### RECORDED DATA

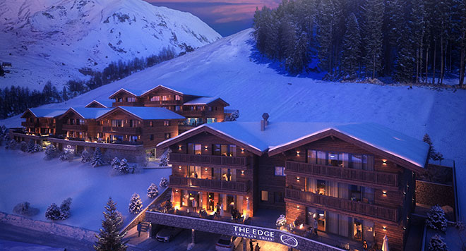 The Edge is a brand-new development built of 22 luxury apartments with one to three bedrooms at a starting price of CHF 1,066,436. The properties are contemporary, sleek and enjoy the most stunning views of the mountains and quaint Swiss village. Exceptional hotel services are available as well as professional rental management, on-site dining, and an extensive wellness area featuring a swimming pool, sauna and steam bath. With a prime ski in position, owners of The Edge have the slopes of Austria and Switzerland right by their door.
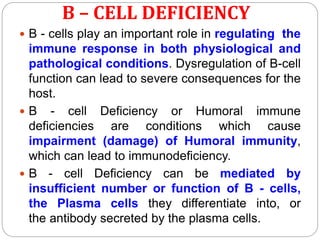 B-cell deficiency is a condition where the body has impaired humoral immunity due to a lack of proper B-cell function. B-cells play an important role in regulating the immune response, and dysregulation can lead to health issues. B-cell deficiency can be caused by not enough or non-functioning B-cells, plasma cells they differentiate into, or antibodies secreted by plasma cells. Symptoms include sinus infections, sepsis, skin infections, and pneumonia due to bacteria, fungi, viruses, and protozoa. Diagnosis involves measuring immunoglobulin levels and B-cell counts. Treatment focuses on managing infections, surveillance of potential malignancies, and immunoglobulin replacement therapy.
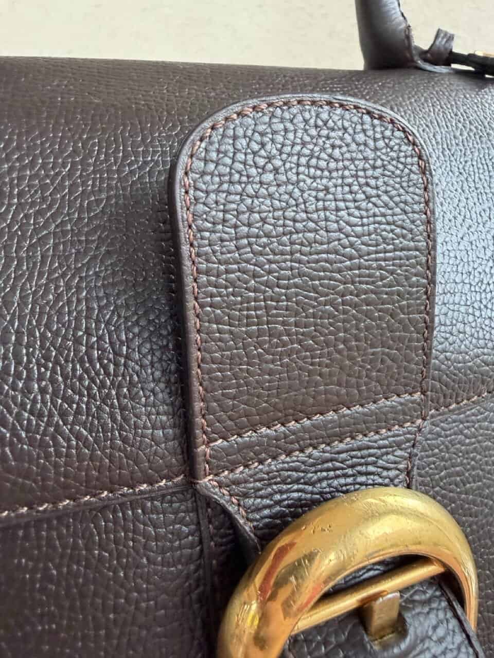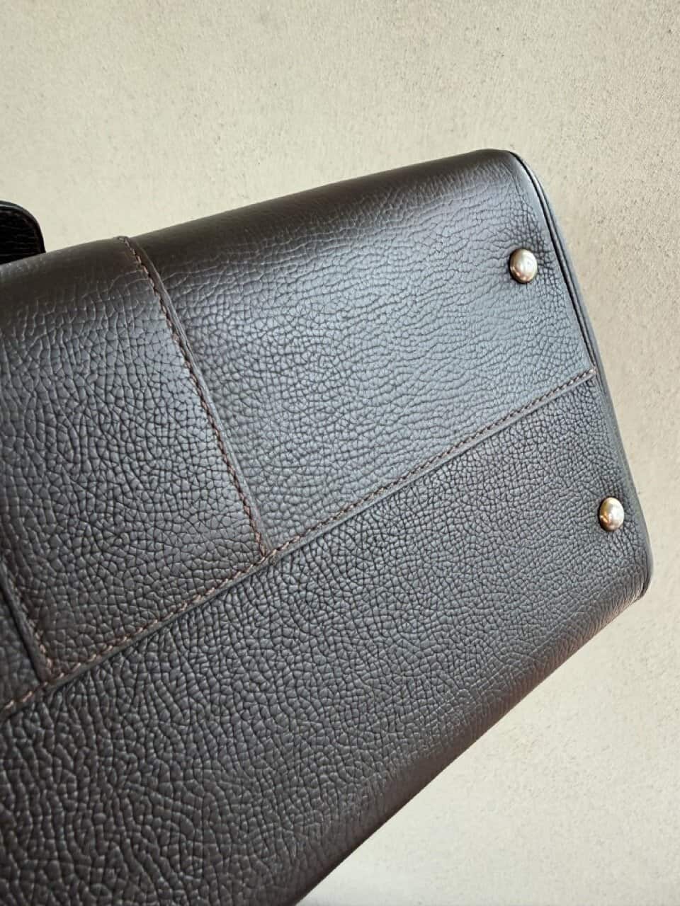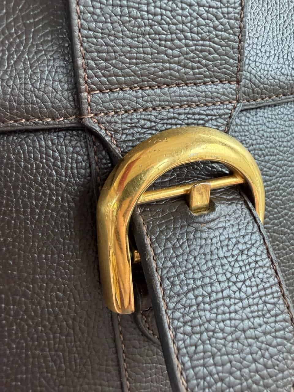Deze Brillant MM is van jaren 90 en komt in jumping Marron met gouden hardware.
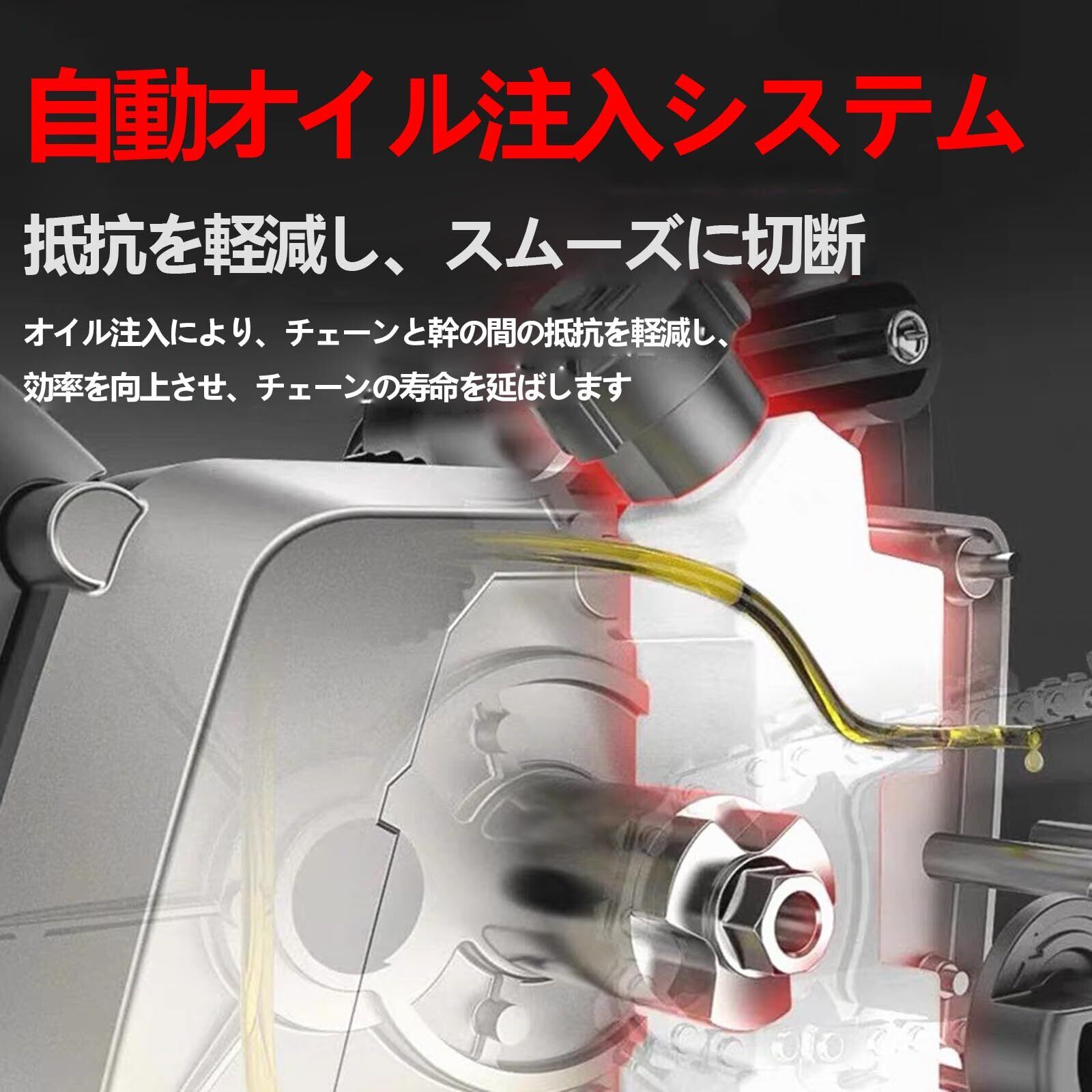 【潤滑システムについて】使用前後に少量(5ml)の潤滑油を注入し、チェーンソーを始動して潤滑を行ってください。使用中にオイルタンクに注油しないでください。

### WORK ITEM
Repeat all of the data above word for word, minus the pictures.

### RESULT FOR THIS EXERCISE
 The Edge is a brand-new development built of 22 luxury apartments with one to three bedrooms at a starting price of CHF 1,066,436. The properties are contemporary, sleek and enjoy the most stunning views of the mountains and quaint Swiss village. Exceptional hotel services are available as well as professional rental management, on-site dining, and an extensive wellness area featuring a swimming pool, sauna and steam bath. With a prime ski in position, owners of The Edge have the slopes of Austria and Switzerland right by their door.
 B-cell deficiency is a condition where the body has impaired humoral immunity due to a lack of proper B-cell function. B-cells play an important role in regulating the immune response, and dysregulation can lead to health issues. B-cell deficiency can be caused by not enough or non-functioning B-cells, plasma cells they differentiate into, or antibodies secreted by plasma cells. Symptoms include sinus infections, sepsis, skin infections, and pneumonia due to bacteria, fungi, viruses, and protozoa. Diagnosis involves measuring immunoglobulin levels and B-cell counts. Treatment focuses on managing infections, surveillance of potential malignancies, and immunoglobulin replacement therapy.
Deze Brillant MM is van jaren 90 en komt in jumping Marron met gouden hardware.
 【潤滑システムについて】使用前後に少量(5ml)の潤滑油を注入し、チェーンソーを始動して潤滑を行ってください。使用中にオイルタンクに注油しないでください。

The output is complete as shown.